== Segment start ==

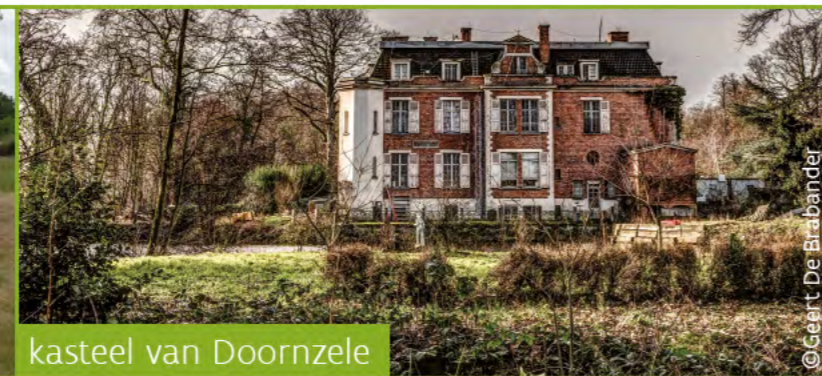
kasteel van Doornzele
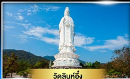
วัดลินห่อ้ง
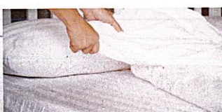
das Bett machen
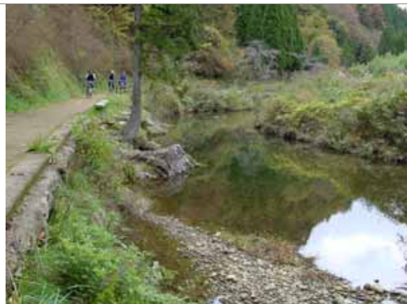
越知川名水街道自転車下り
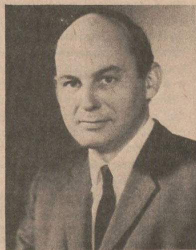
SEN. ADLAI E. STEVENSON

W 1966 roku wybrany został stanowym skarbnikiem. W 1970 zaś roku ubiegał się o urząd Senatora przeciw
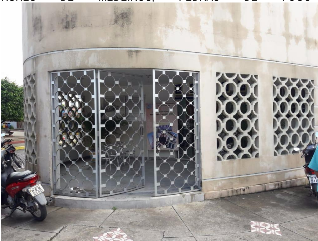
Figura 1 – ESCOLA MUNICIPAL DE ENSINO FUNDAMENTAL I DULCINETE NUNES DE MEDEIROS, PEDRAS DE FOGO – PB

Fonte: Dados coletados pela pesquisadora no período de maio de 2018.

== Segment end ==

*Task prompt*
For this exercise, retype exactly, and only, the lines from the line with "SEN. ADLAI E. STEVENSON" through the last line of the material above, both included. Pictures stay out.

*Solution*
SEN. ADLAI E. STEVENSON

W 1966 roku wybrany został stanowym skarbnikiem. W 1970 zaś roku ubiegał się o urząd Senatora przeciw
Figura 1 – ESCOLA MUNICIPAL DE ENSINO FUNDAMENTAL I DULCINETE NUNES DE MEDEIROS, PEDRAS DE FOGO – PB

Fonte: Dados coletados pela pesquisadora no período de maio de 2018.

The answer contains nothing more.